In September 2017, Salih announced that he was leaving the PUK and forming a new opposition party, the Coalition for Democracy and Justice which competed in the 2018 Iraqi parliamentary election. Following the death of PUK leader Jalal Talabani and the Kurdish opposition leader Nawshirwan Mustafa, the alliance was seen to have the potential to change the Kurdish political landscape. He said he hoped to gather all the other opposition parties, including Gorran and Komal, to challenge the governing KDP–PUK alliance. In the 2018 Iraqi parliamentary election, it won two seats.
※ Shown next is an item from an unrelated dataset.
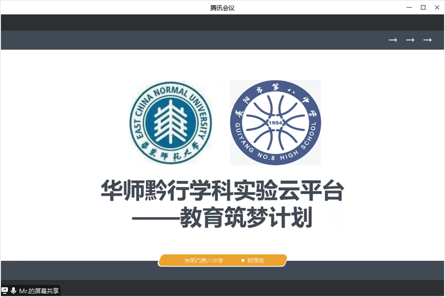 郭欣从办学目标、发展理念、育人方式、课程建设、教师队伍建设等多方面介绍了贵阳市第八中学的情况,着重介绍了学校物理教研组基本情况及不足。他谈到,贵阳市第八中学建校近70年来,坚持扎根贵州大地、传承“以德为先,求真笃行”的办学理念,不断强化办学目标、创新变革育人方式、加强师资队伍建设,致力于打造人文底蕴深厚,有科技特色示范高中。希望借助“教育筑梦”,促进学校基础教育一线物理教师的专业成长,助力青年教师实现教育梦想。

== Salih's return to PUK and restructuring of the party ==
On September 19, 2018, Barham Salih left the party to rejoin the Patriotic Union of Kurdistan, which nominated him as a candidate for Iraq's Presidency. Others joined Salih in his return to PUK, but the party leadership made clear that it would not be going to disband itself. Instead, the party affirmed that it will continue to focus on "Kurdish unity and overcoming the economic crisis". A conference was announced to be held soon. However, it didn't participate in the 2018 Kurdistan Region parliamentary election.

On 9 November 2018, the party held a conference, where it renamed itself to National Coalition and elected Aram Qadir as its leader. There were some legal problems, which were solved at the beginning of December, when the Independent High Electoral Commission moved to legally dissolve the no longer existing CDJ. The party announced that it promotes religious coexistence, good governance, the consolidation of democracy and justice as well as the freedom of thought and expression. It also distanced itself from clientelist patronage politics, claiming it "will not become a political shop for personal and family interests."

== As National Coalition ==
The party boycotted the 2018 Kurdistan Region parliamentary election and failed to win a seat in the 2021 Iraqi parliamentary election.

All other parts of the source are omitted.